Exercise data =
•••
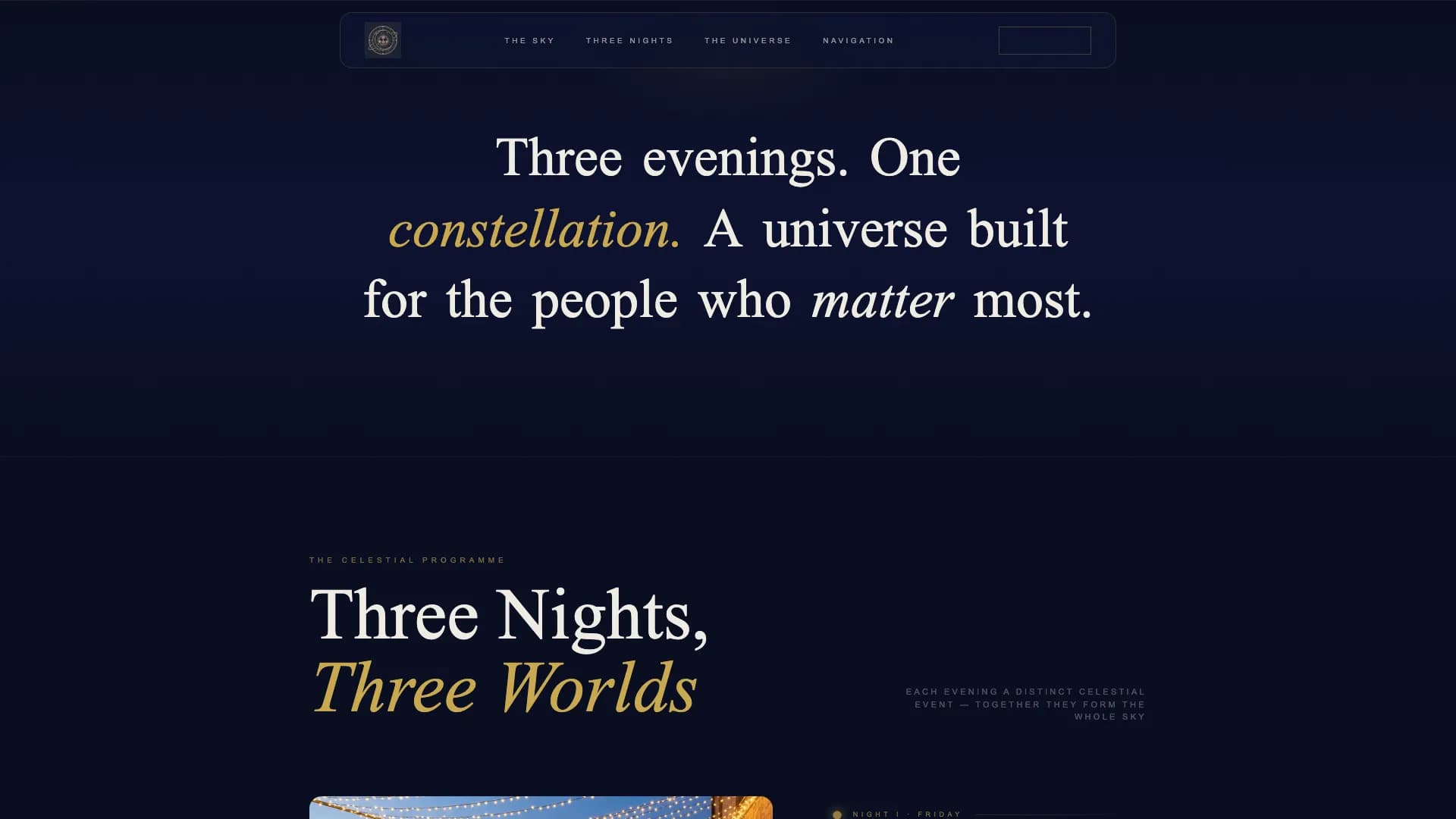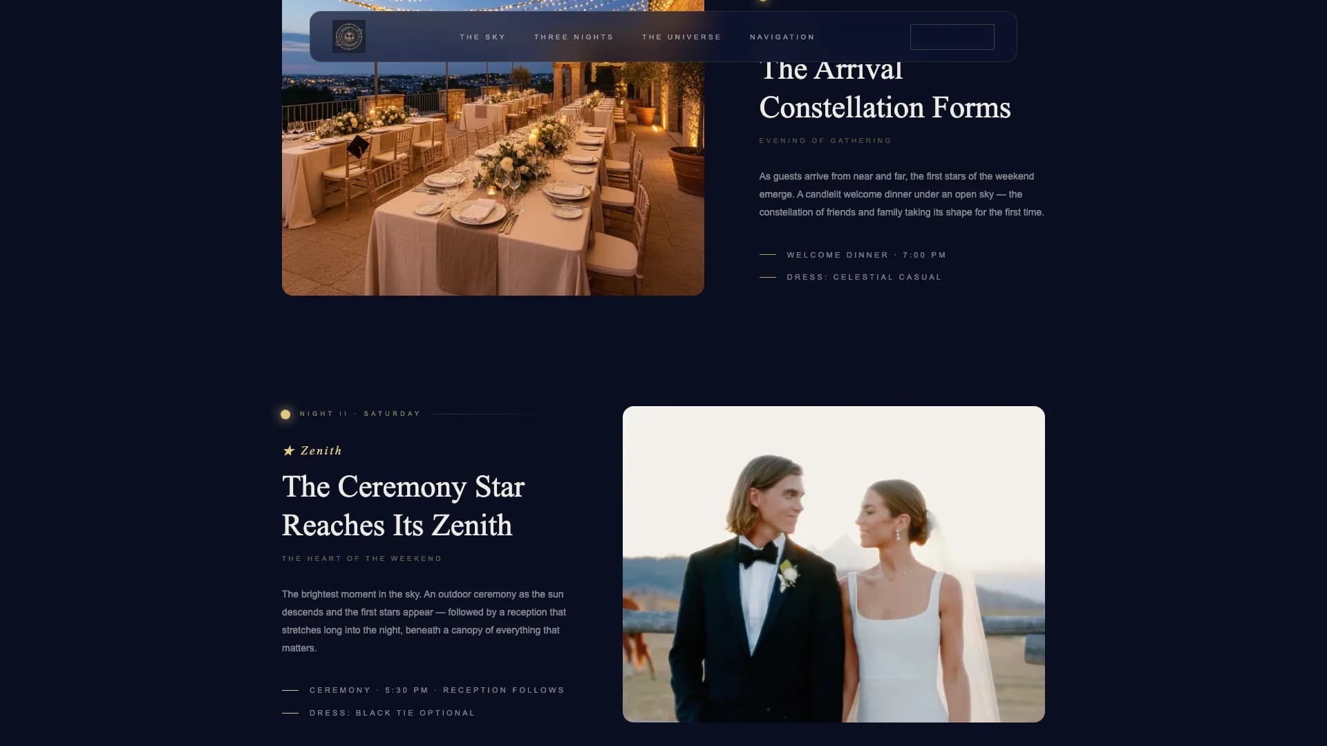 A three-day celestial-themed wedding requires a landing page that combines ethereal aesthetics with detailed logistics. Guests need clear timelines, travel details, and daily schedules without losing the emotional atmosphere.
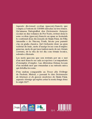 Aqueste diccionari occitan (gascon) / francés que compta a l’entorn de 110 000 entradas en tres tòmes. Qu’amassa l’integralitat deu Dictionnaire français-occitan en dus volumes de Per Noste, revirat dens lo sens occitan (gascon) / francés au quau se horneish lo contienut deus diccionaris de Simin Palai, de Fèliç Arnaudin e de Vincenç Foish, hicats peu purmèr còp en grafia classica. Qu’i trobaratz donc ua gran varietat de lexic, mots d’usatge locau com d’emplec generau, mots de ger mes tanben mots de uei, tèrmis corrents, de la vita de tot dia com tèrmis tecnics, sabents o literaris. Los mots gascons que son revirats per un o mei d’un mot francés en cada accepcion e acompanhats d’exemples d’emplec. Las diferentas fòrmas locaus d’un medish mot que remandan a ua entrada unica qui detalha los sens. D’un endom comparable au Tresor dóu Felibrige de Frederic Mistral, e passant lo deu Dictionnaire du béarnais et du gascon modernes de Simin Palai, aqueste obratge qu’espèra aviar la nosta lenga dens lo sègle XXIau.
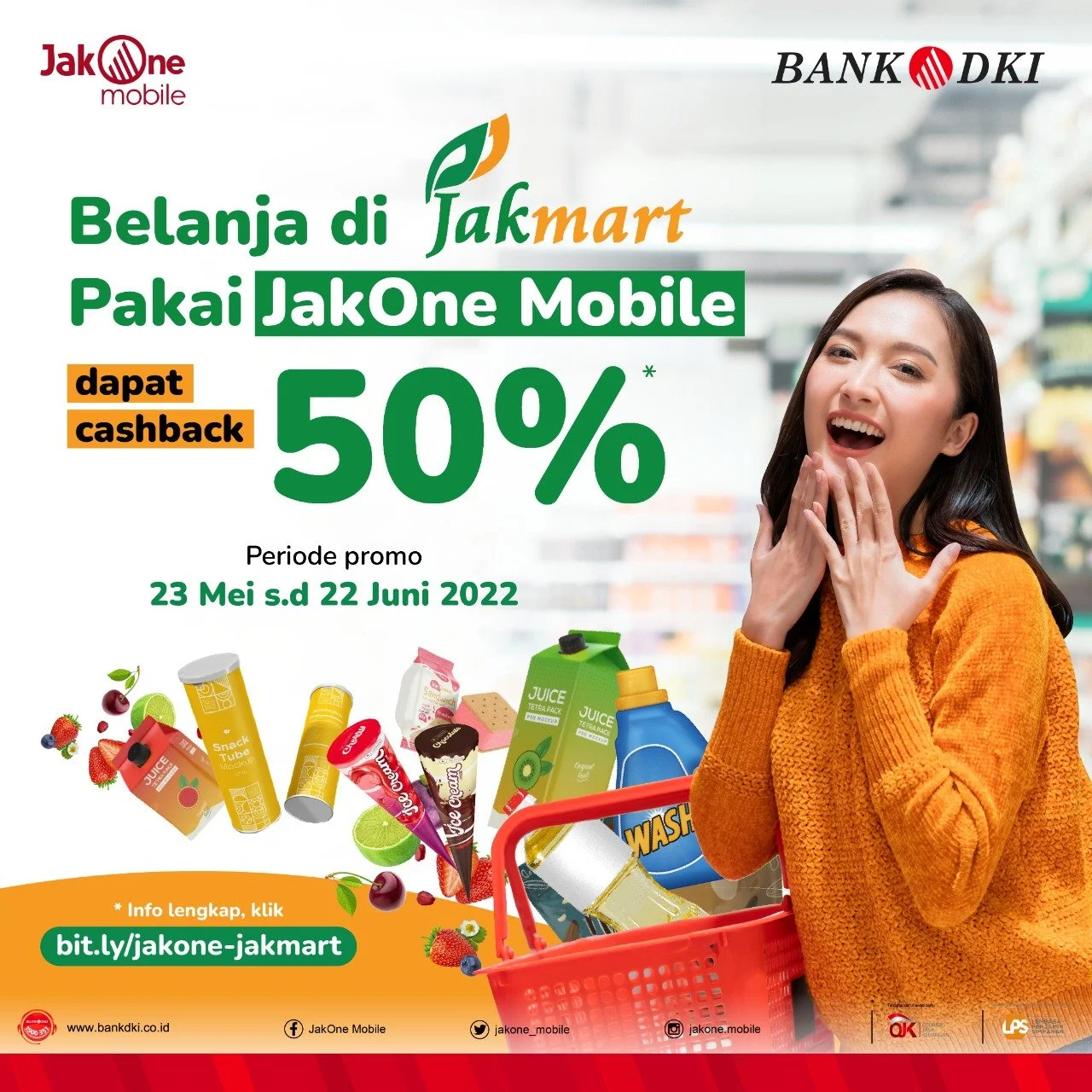 Promo cashback Belanja 50% diberikan kepada user JakOne Mobile yang melakukan transaksi pembayaran di JakMart dengan minimal transaksi Rp20.000,- (Dua Puluh Ribu Rupiah) dan maksimal cashback yang diberikan adalah Rp10.000,- (Sepuluh Ribu Rupiah).
•••
Assignment = Print the full listing above exactly. Pictures stay out of the copy.

Your solution =
 A three-day celestial-themed wedding requires a landing page that combines ethereal aesthetics with detailed logistics. Guests need clear timelines, travel details, and daily schedules without losing the emotional atmosphere.
 Aqueste diccionari occitan (gascon) / francés que compta a l’entorn de 110 000 entradas en tres tòmes. Qu’amassa l’integralitat deu Dictionnaire français-occitan en dus volumes de Per Noste, revirat dens lo sens occitan (gascon) / francés au quau se horneish lo contienut deus diccionaris de Simin Palai, de Fèliç Arnaudin e de Vincenç Foish, hicats peu purmèr còp en grafia classica. Qu’i trobaratz donc ua gran varietat de lexic, mots d’usatge locau com d’emplec generau, mots de ger mes tanben mots de uei, tèrmis corrents, de la vita de tot dia com tèrmis tecnics, sabents o literaris. Los mots gascons que son revirats per un o mei d’un mot francés en cada accepcion e acompanhats d’exemples d’emplec. Las diferentas fòrmas locaus d’un medish mot que remandan a ua entrada unica qui detalha los sens. D’un endom comparable au Tresor dóu Felibrige de Frederic Mistral, e passant lo deu Dictionnaire du béarnais et du gascon modernes de Simin Palai, aqueste obratge qu’espèra aviar la nosta lenga dens lo sègle XXIau.
 Promo cashback Belanja 50% diberikan kepada user JakOne Mobile yang melakukan transaksi pembayaran di JakMart dengan minimal transaksi Rp20.000,- (Dua Puluh Ribu Rupiah) dan maksimal cashback yang diberikan adalah Rp10.000,- (Sepuluh Ribu Rupiah).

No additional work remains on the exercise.